Showing posts with label security. Show all posts
Showing posts with label security. Show all posts

Thursday, 27 November 2014

Certificates with SHA-1 and SunCertPathBuilderException

As SHA-1 is heading to deprecation as hashing algoritm for certificate signatures, unpleasant effects start to appear.
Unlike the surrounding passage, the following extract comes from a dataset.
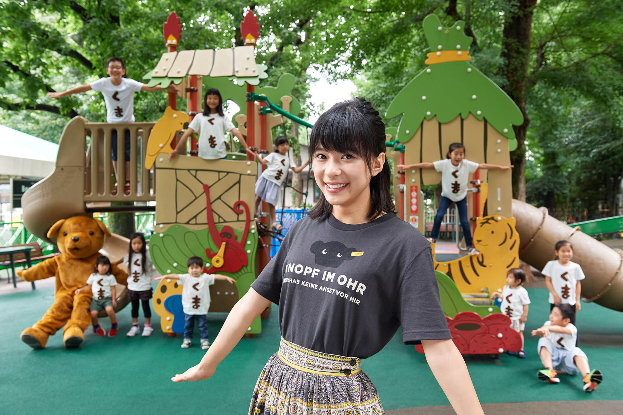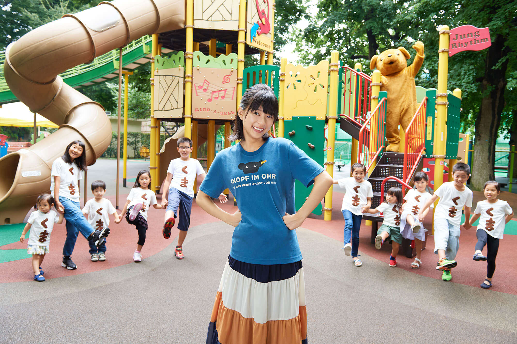 左耳にはシュタイフの「ボタン・イン・イヤー」が。

Our partners we need to communicate with over HTTPS have brand new certificate signed by GoDaddy Certificate Authority. Accessing their https secured site via browser does not show anything alarming.

But accessing REST endpoint hosted on same site using java HttpUrlConnection blows up with javax.net.ssl.SSLHandshakeException: sun.security.validator.ValidatorException: PKIX path building failed: sun.security.provider.certpath.SunCertPathBuilderException: unable to find valid certification path to requested target

What is going on?

Every internet browser comes with quite a big set of preinstalled Certificate Authorities (CA) trusted certificates, because your browser's vendors trusts them. And because they are CAs and they are trusted, then every certificate that is signed by them is trusted too.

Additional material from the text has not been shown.